For this task, extract exactly the lines of the data below, from the line containing "has confirmed Doum" through the last one, with pictures left out.

> _Available data_:

- Opening Delimiter -

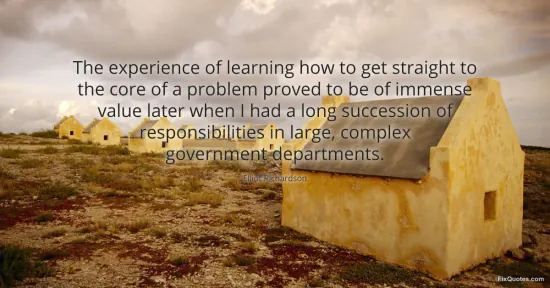 Richardson, Elliot. (2026, January 17). The experience of learning how to get straight to the core of a problem proved to be of immense value later when I had a long succession of responsibilities in large, complex government departments. FixQuotes. https://fixquotes.com/quotes/the-experience-of-learning-how-to-get-straight-to-73061/
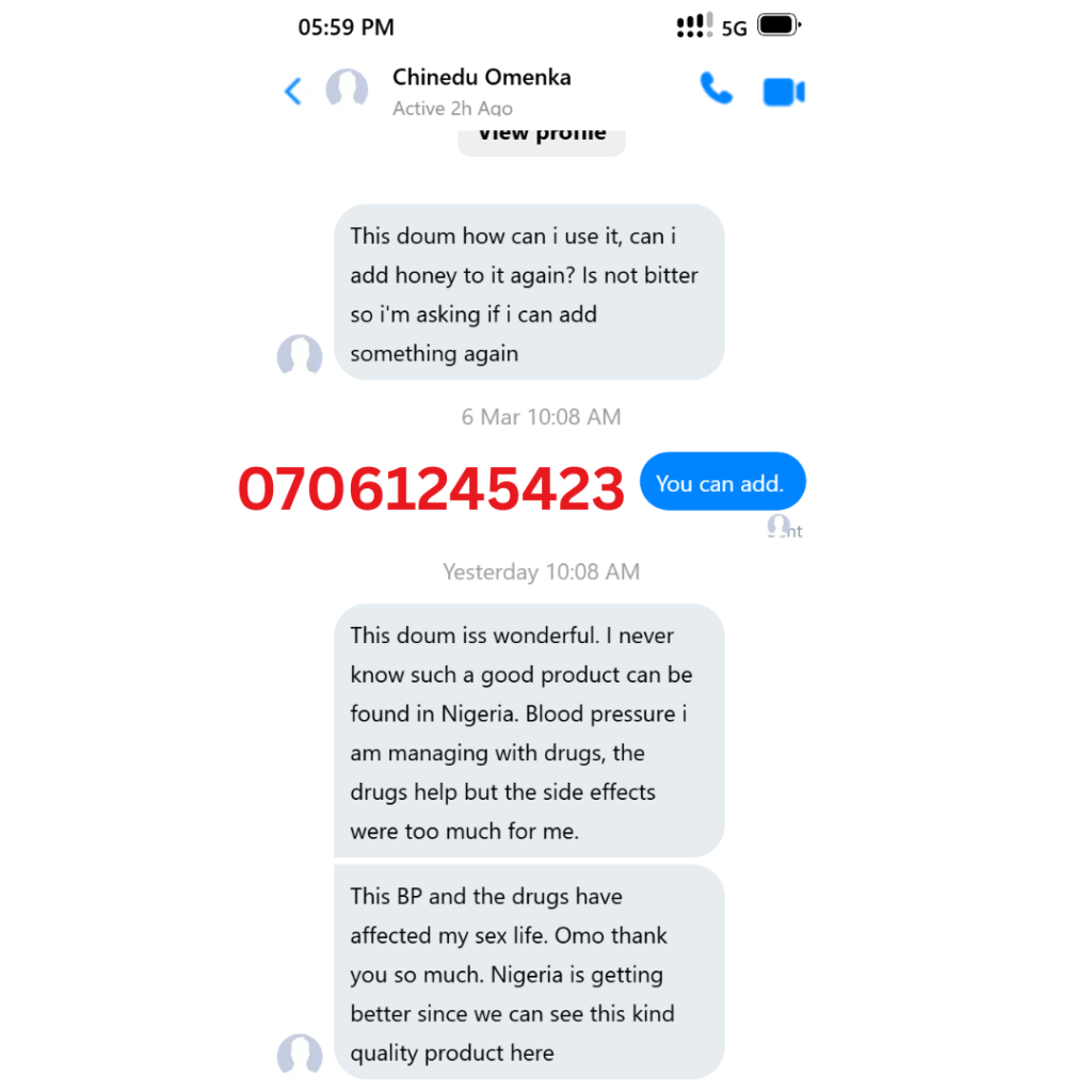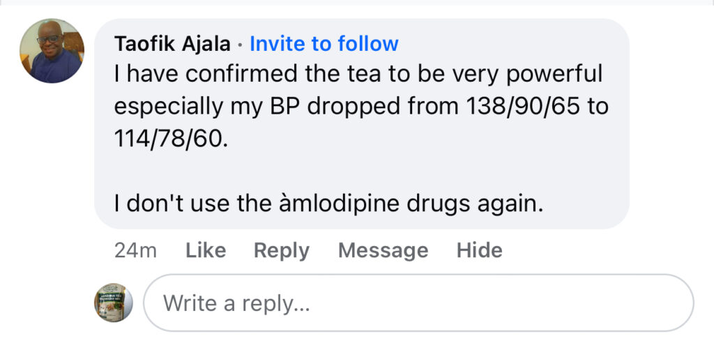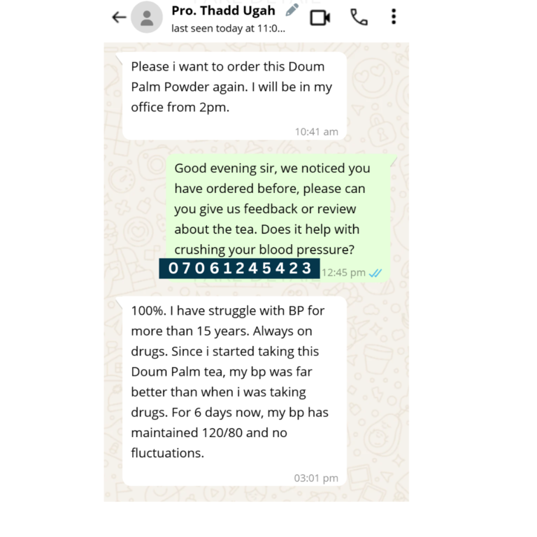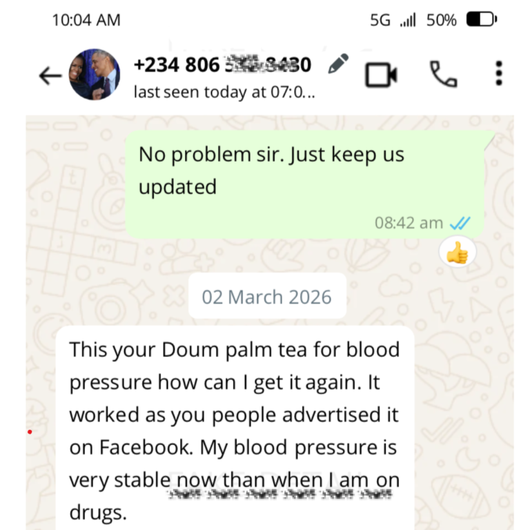 “He has confirmed Doum Palm Tea to be powerful in his BP. He even stopped taking medicine. If you’re tired of taking medicine and want something as powerful as the medicine without any side effects that medicine, give, get this doum”
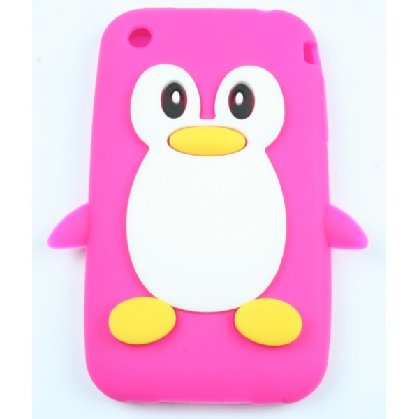 Coque Iphone 3G/ 3GS rose fushia pingouin Silicone

- Closing Delimiter -

> _Result of this exercise_:
 “He has confirmed Doum Palm Tea to be powerful in his BP. He even stopped taking medicine. If you’re tired of taking medicine and want something as powerful as the medicine without any side effects that medicine, give, get this doum”
 Coque Iphone 3G/ 3GS rose fushia pingouin Silicone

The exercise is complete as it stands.